The FCIC has made a great show of being transparent, but if you are going to make that your signature, you can’t engage in halfway measures. Lambert Strether, in an e-mail titled “A data conversion effort that shows FCIC’s “Resource Library” is farcically bad and obfuscatory” noted:
Obviously, any independent evaluation of the material is not at all a priority with these guys. Yes, they’ve made it easy enough to DISTRIBUTE, and no doubt there will be an iPhone app any day now. Yay. But as far as making it easy to EVALUATE, which takes data you can interchange and manipulate and search, everything they have done makes that harder. Every single thing.
Another mystery is why so many interviews are being withheld. When they interviewed me in November (and yes, sports fans, my interview is up on the FCIC site), I was informed that 600 interviews would be released. I’m told by people close to the investigation that not all interviews were recorded; this was an oversight early in the process, but starting in July, all were apparently taped.

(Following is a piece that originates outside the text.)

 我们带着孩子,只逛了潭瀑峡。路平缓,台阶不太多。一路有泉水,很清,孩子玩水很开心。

Now we already know that interviews of Certain Big Kahunas are being withheld, most notably that of Ben Bernanke (which was conducted in 2009 and thus illustrates that at least some of the pre-July sessions were recorded).

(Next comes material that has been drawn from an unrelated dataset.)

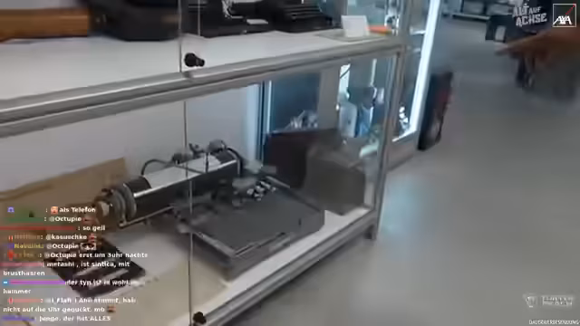 05:08:37Es wird versucht, das interne WLAN des Museums zu nutzen, um wieder live zu gehen. Die Aufregung ist groß, aber der Empfang ist weiterhin schlecht. Es gibt zwei Router: einen für das Internet und einen für etwas anderes. Der Name des Streamers soll in einem Gerät angezeigt werden. Ein Mitarbeiter des Museums gibt an, dass das WLAN weiter hinten besser sei. Es wird versucht, sich daran zu halten, um live zu bleiben. Freddy soll einige interessante Exponate zeigen. Der Mitarbeiter schlägt vor, dass er mit dem Rucksack beim Repeater wartet. Metashi hat jetzt Internet und kann den Chat sehen. Die Gruppe befindet sich nun in der Technikwelt. Der Name des Streamers wird auf einem alten Computer auf einer Tonspur geschrieben und abgerissen. Der Mitarbeiter möchte, dass die Gruppe nach Zeit anfängt und sich die Exponate ansieht. Es wird gefragt, wie weit man mit dem Internet gehen kann. Es wird empfohlen, in der Nähe des Rucksacks zu bleiben, um das Signal nicht zu verlieren.

But that is not a sufficient explanation. The FCIC’s press release indicates that the staff met with over 700 witnesses; only “more than 300” are to be made public, with 213 released initially and the rest added by now, since the FCIC is now officially no more.

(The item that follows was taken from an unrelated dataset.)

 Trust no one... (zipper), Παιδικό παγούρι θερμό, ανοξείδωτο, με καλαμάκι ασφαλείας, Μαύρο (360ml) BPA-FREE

Our Tom Adams was interviewed in December and his conversation was not posted. Why would this be? His position is contrary to the report’s narrative; is that why he was excluded? Or is there a less nefarious reason why he and many others were left on the cutting room floor: that they weren’t name brands? For my taste, far too many of the well known individuals included in the roster were economists who were simply not close enough to what happened to provide much in the way of new perspective.
Given in my experience of doing research into complex topics (and prosecutors echo my views), the most insightful commentary rarely comes from the top brass but instead from operating level managers. The lack of analysis in the report (except on the role of the GSEs) gives some support to our theory that the Commission and staff were short on people who understood tradecraft in the relevant markets. That make it likely that they could have overlooked the significance of information provided to them by market participants.
The fact that the Commission appears to have focused on better known names suggests that they have held back material that included key bits of information that people who understood the products and markets could use to either connect dots or confirm theories they have had about the crisis.